La calle está borracha de alcohol y pólvora. La noche inhala humo y transpira euforia. El desmadroso Ejército Insurgente de vecinos y transeúntes sube el tono de sus arengas, a los viva México le agregan la frase hijos de su pinche madre; a los mueran los gachupines la palabra putos o culeros indistintamente. Un enardecido patriota, huérfano de parque y madre, arroja una botella vacía del mero mero Ron Potrero, que estrepitosamente se estrella en la puerta de la casa y cae hecha añicos en el mosaico rojo del patio.

-No pasa nada... Mientras no se meta un Pípila a prendernos fuego-, dice mi padre que ya había leído un poco de la historia de México.

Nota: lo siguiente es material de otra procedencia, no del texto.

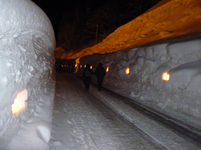 ”肘折幻想雪回廊”が始まります 雪壁に横穴を開け、そこにローソクの灯りを灯す”幻想雪回廊”が2月1日(土)から始まります。 雪国ならではの幻想的な風景が楽しめます(下記写真)。 2月1日(土)、8日(土)、9日(日)、15日(土)午後6時30分~20時まで点灯予定。 場所は温泉街の西側、天狗鼻橋を渡った所の道路、雪壁の両側に長さ100m位回廊が続きます。

-Si se mete un pípila, nos lo quedamos y lo engordamos para la cena de Noche Buena-, complementa mi madre que ya sabía que a los pavos, además de guajolotes, aquí les decimos pípilas . Ríen y se miran con ternura. Amigos desde la adolescencia, cómplices del mismo sueño y víctimas de la misma pesadilla, comparten vida y exilio. Los dos al mismo tiempo reparan en la canción que se oye en la radio, es la misma que escucharon en Veracruz al bajar del barco y que, en ese momento, hicieron suya: Si tuviera cuatro vidas/ cuatro vidas serían para ti. Se aman desde siempre. Apagan la luz.

¡Pum! ¡Pum! ¡Pum!

Nueve meses después, la madrugada del 16 de junio de 1945, nací yo. -¡Viva México, cabrones!